Jonah Goldberg writes today that a candidate named Barry O’Malley, running for President with Barack Obama’s record and level of experience, would get laughed off the national stage. Why has Obama succeeded where others would have disappeared long before the first primary? Identity politics, and it’s Republicans who have pulled their punches as a result:
Liberal Democrats have a long tradition of tarring opponents as the monolithic forces of hatred and prejudice while casting themselves as the enlightened proponents of peace, love and decency. And this election shows that tradition is alive and well.
Over the weekend, civil rights hero Rep. John Lewis of Georgia sold off another chunk of his reputation by coughing up some absurd partisan talking point about how the McCain-Palin campaign reminds him of that of Dixiecrat segregationist George Wallace. And, for the last week, a host of reporters — not just liberal pundits — have ominously fretted that the McCain campaign’s use of former domestic terrorist Bill Ayers as an issue is a racist ploy. The Washington Post’s Anne Kornblut, for instance, wrote that Sarah Palin’s comment that Barack Obama was “palling around with terrorists” is “a turn of phrase that critics said was racially loaded.”
The most laughable evidence that McCain is sowing hatred stems from the shouts of “terrorist!” and “kill him!” from a few hothead buffoons at McCain rallies. Of course, rather than foment this sort of thing, McCain went out of his way to chastise his own supporters personally and publicly.
McCain has done nothing to fuel racism. Or, put another way, the McCain campaign has done as much to promote prejudice as the Obama campaign has to inflame the vile passions behind the “Abort Sarah Palin” bumper sticker, Madonna’s stage video lumping McCain in with Hitler, the eugenic snobbery aimed at Palin’s son with Down syndrome or the column in the Philadelphia Daily News that predicted a “race war” if McCain wins.
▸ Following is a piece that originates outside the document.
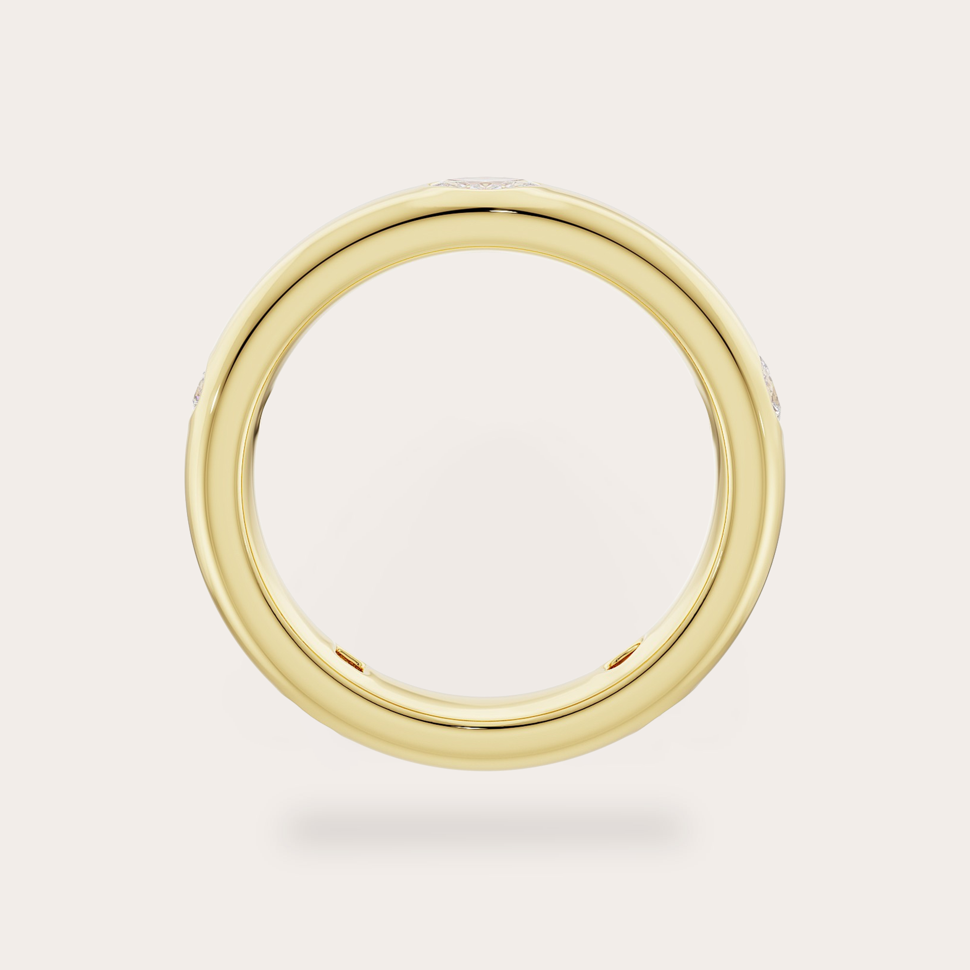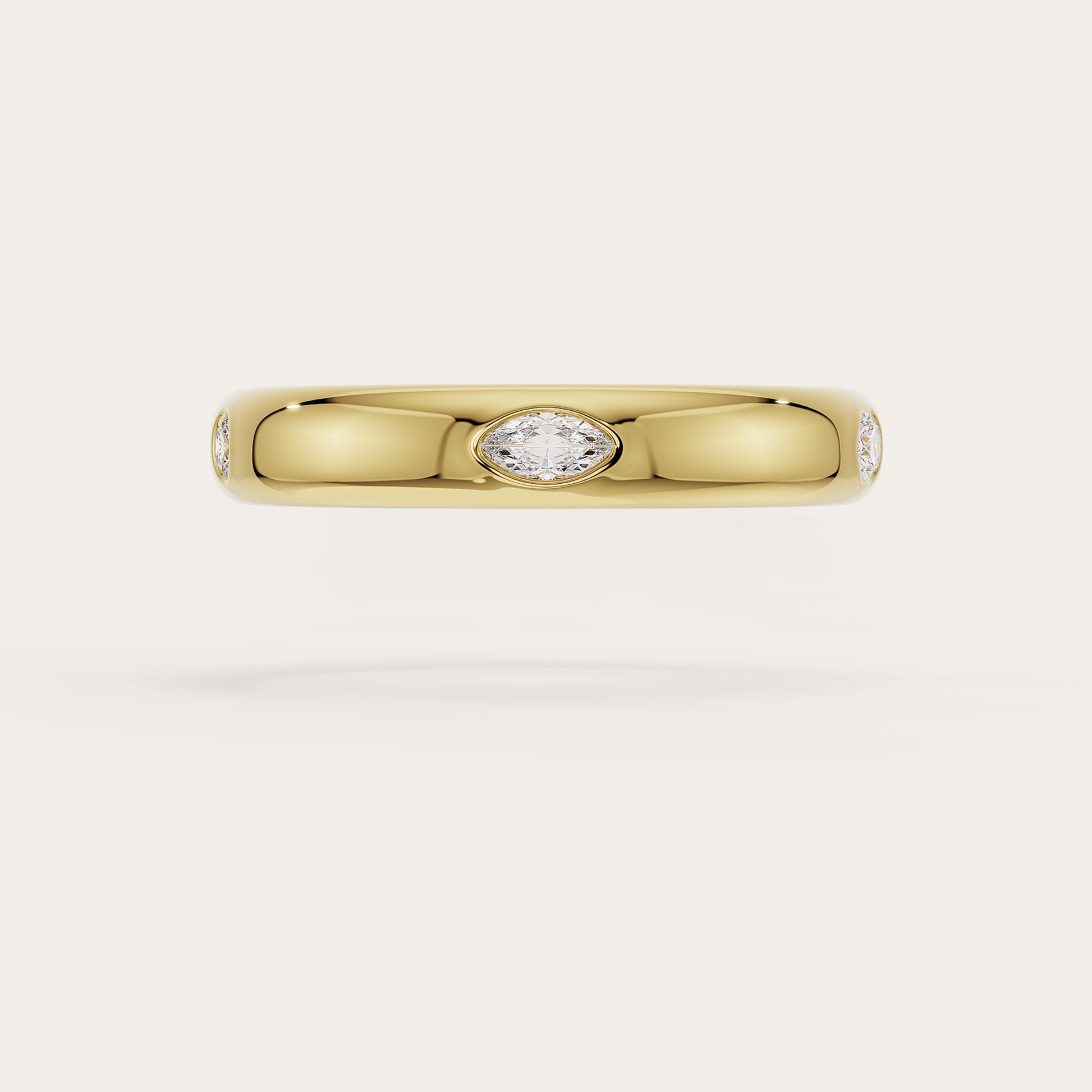 Floating in the most peculiar way. High polish 14k gold envelopes five separate diamonds: pear, oval, marquis, round, princess. Each Atmos Band is made-to-order and requires a lead time of 4 to 6 weeks. If your size is not shown, please choose the option closest and leave a note at checkout. Eternity bands cannot be resized.

On the experience issue, I’m not so certain Jonah’s right. Had John Edwards never made two significant runs for the Presidency and got nominated for VP with less experience than Obama or Sarah Palin, I might be inclined to agree. Obama and Edwards seem to epitomize a desire for outsiders that has turned almost into a fetish — but outsiders with national name recognition in politics. It’s hard to imagine anyone more outside than Sarah Palin, and she has actual executive experience (as opposed to Obama and Edwards), but gets treated like a hick because she’s from Alaska instead of the eastern seaboard.
Jonah is more correct when it comes to a media double standard on race and politics. Ironically, the Clintons felt no such need to pull punches. Hillary’s campaign made an issue of Jeremiah Wright, for instance, after Hillary spent February mostly eating Obama’s dust. Her campaign also circulated the photo of Obama wearing traditional African garb on a trip to Kenya. The result? She won most of the rest of the Democratic primaries and forced Obama to limp to the finish line.
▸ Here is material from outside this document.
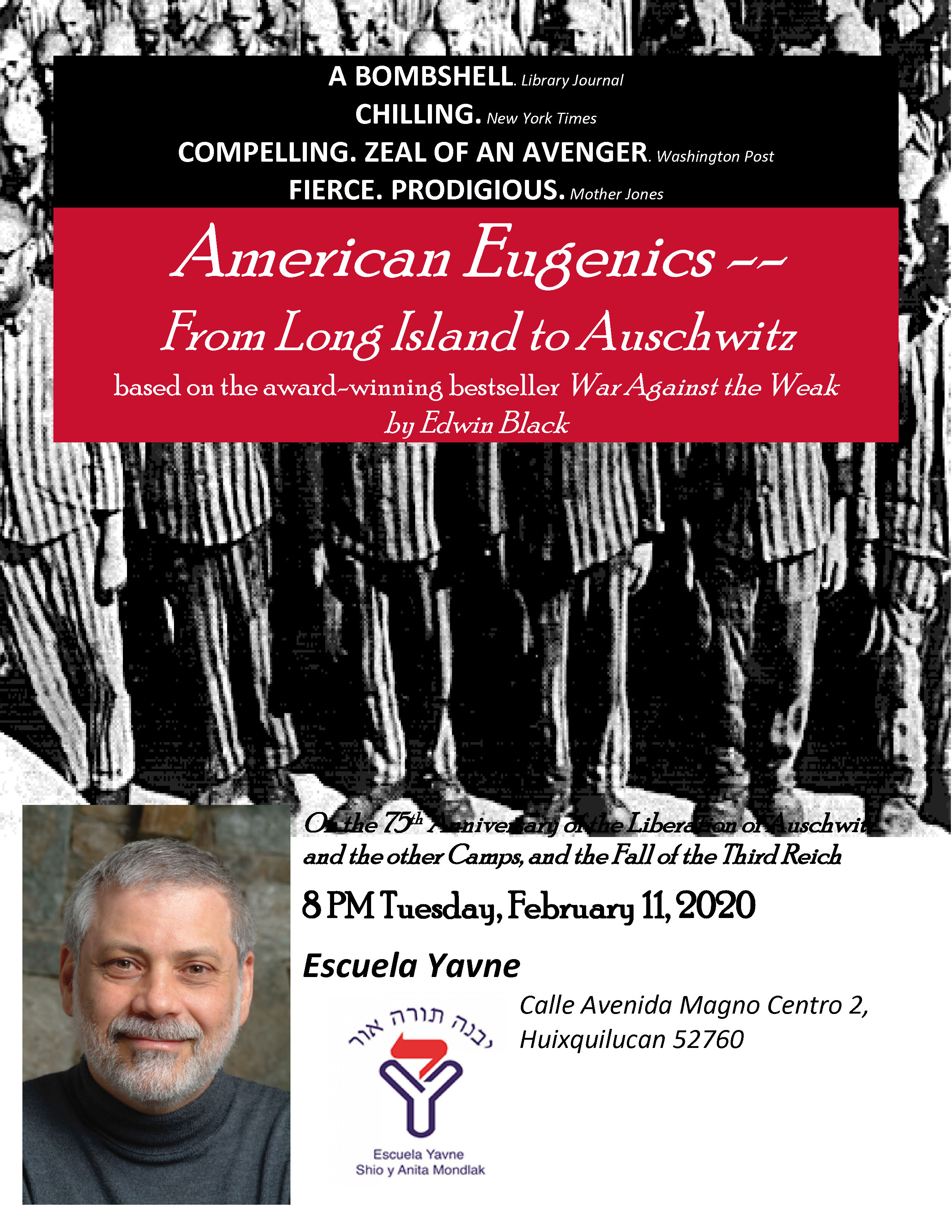 Sponsored by Escuela Yavne, Museo Memoria y Tolerancia, Instituto Méxicano del Seguro Social, Instituto Tecnológico Autónomo de México, Ramat Shalom Synagogue, Universidad Anáhuac, Universidad Nacional Autónoma de México.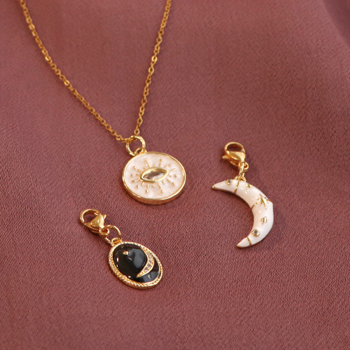 Metallo TQ in ottone ciondolo luna smalto Oro-bianco

Hillary, though, did not have one obstacle that John McCain faces in this election: the national media. The punditocracy has excoriated McCain for his supposedly racially-divisive campaign even without making Hillary’s arguments again. Somehow, as Jonah notes, they have made William Ayers into a racial issue, even though Ayers is as Caucasian as McCain. They have passed along without any criticism the rantings of John Lewis, who compared McCain and Palin to George Wallace (the Wall Street Journal being a rare mainstream-media exception).
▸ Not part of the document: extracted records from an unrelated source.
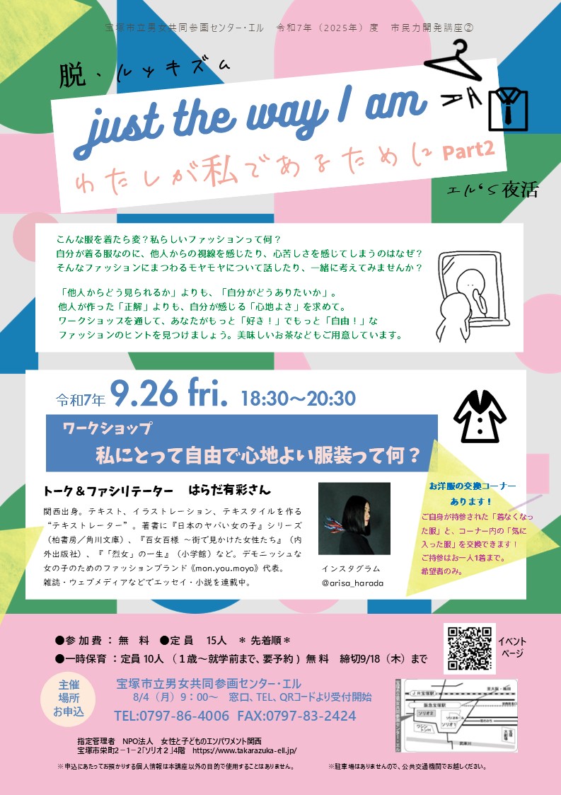 | 詳細: | ~脱・ルッキズム「わたしが私であるために」Part2~ ワークショップ「私にとって自由で心地よい服装って何?」 こんな服を着たら変?私らしいファッションって何? 自分が着る服なのに、他人からの視線を感じたり、心苦しさを感じてしまうのはなぜ? そんなファッションにまつわるモヤモヤについて話したり、一緒に考えてみませんか。 「他人からどう見られるか」よりも、「自分がどうありたいか」 ワークショップを通して、あなたがもっと「好き!」でもっと「自由!」なファッションのヒントを見つけましょう。 おいしいお茶などもご用意しています★ 日程) 2025年9月26日(金) 時間) 18時半~20時半 場所) 宝塚市立男女共同参画センター 講師) トーク&ファシリテーター はらだ有彩さん(テキストレーター) 定員・対象) 15人 参加費) 無料 保育) 一時保育あり 10人(1歳~就学前まで) 9/18(木)までに要予約 無料 ※お洋服の交換コーナーあります! ご自身が持参された「着なくなった服」と、コーナー内の「気に入った服」を交換できます! ご持参はお一人1着まで。希望者のみ。 申込方法) 8月4日(月)9:00~先着順。窓口、TEL、下記HPから受付。 https://www.takarazuka-ell.jp/lecture/shiminryoku20250926/ 主催 宝塚市立男女共同参画センター・エル 問い合わせ TEL:0797-86-4006 FAX:0797-83-2424 |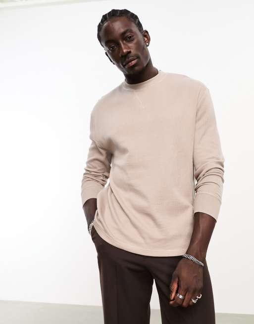ASOS DESIGN – Jasnobrązowy luźny T-shirt z długimi rękawami o waflowej strukturze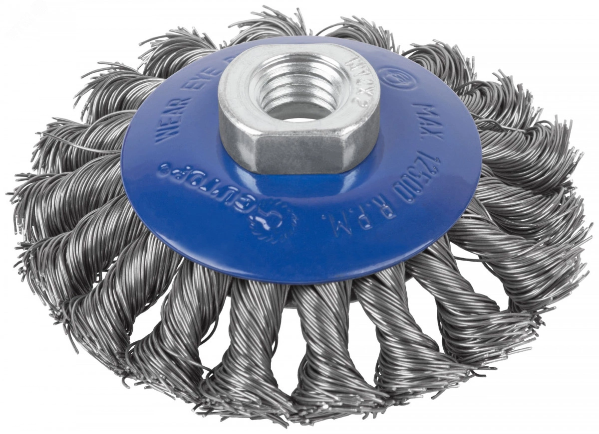 Щетка для УШМ, М14, Тарелка, крученая проволока 0,5 мм, 100 мм, блистер, Profi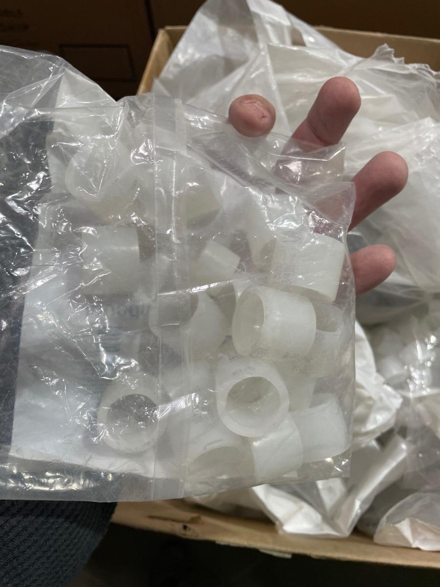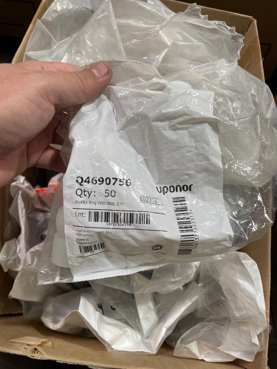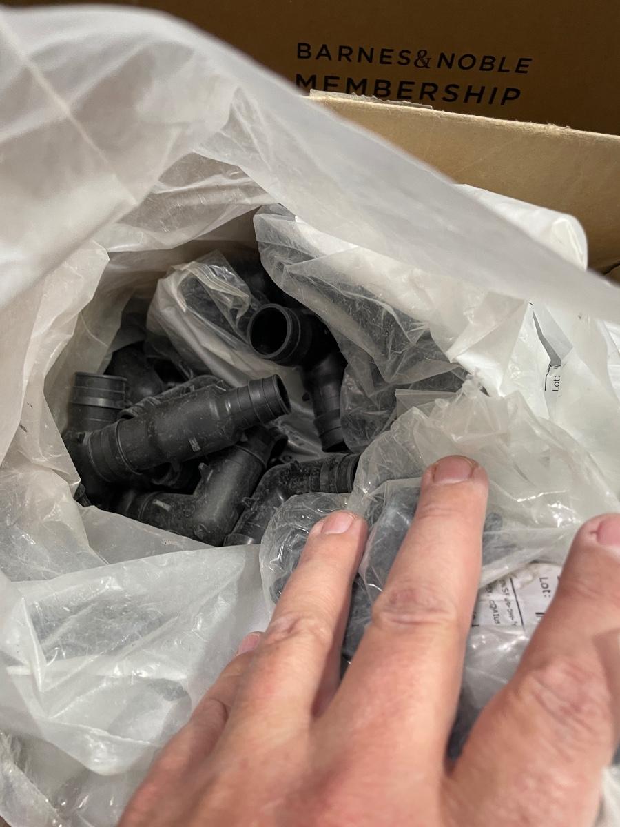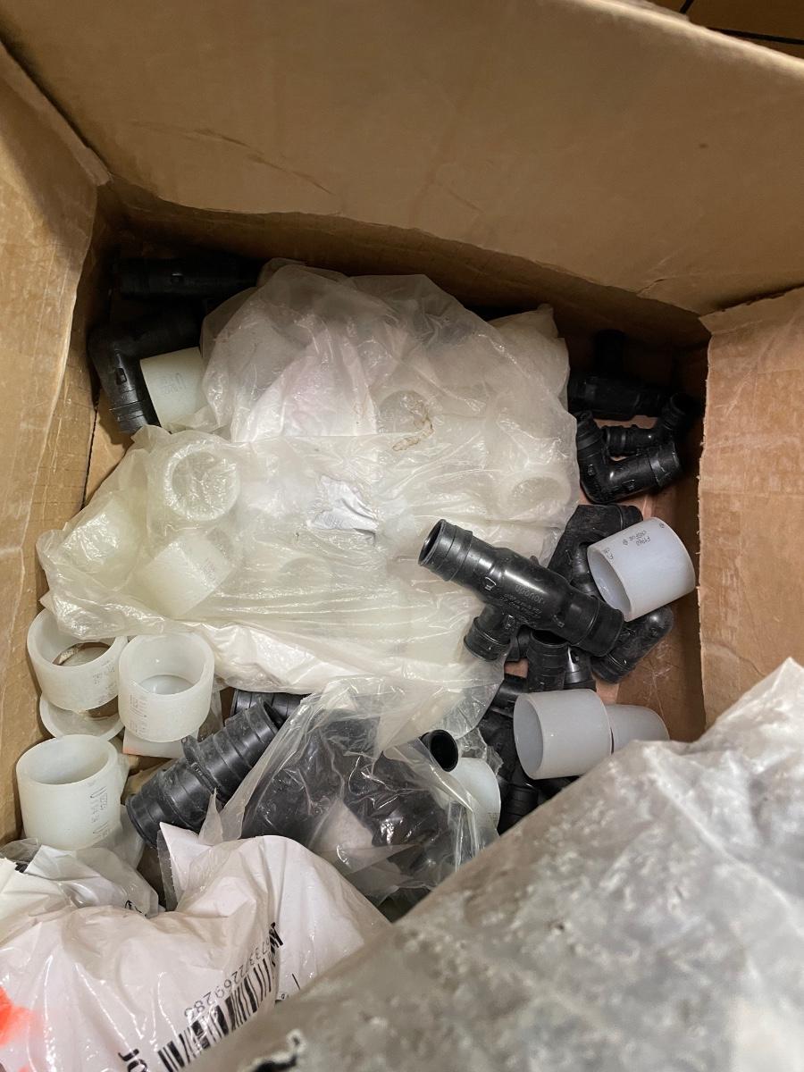 Box of Plastic flex hose connectors/plumbing fixture pieces

Meanwhile, Obama has explicitly played the race card a number of times this summer. He personally accused the McCain campaign of racism twice, only stopping when his surrogates managed to do it more effectively, like Kathleen Sebelius and John Lewis. With the exception of one time each by the Washington Post and ABC News (on their blogs), the media did nothing to expose this tactic by Obama and his campaign on these occasions:
So yes, I agree with Jonah that Obama has had an easy ride on the basis of identity politics — but that’s not really the fault of the McCain campaign. Unfortunately, the media has a glaringly obvious double standard on how it treats the two candidates. McCain could ignore this, of course, but he risks the damage that the media can do with the vast majority of voters who don’t bother to work around the media to discover the truth on their own. As Rick Moran notes, the McCarthyite tactic of accusing opponents of latent racism has no rebuttal that works well in mass-media applications. With three weeks to go to the election, McCain has to work within that reality if he expects to win a national election.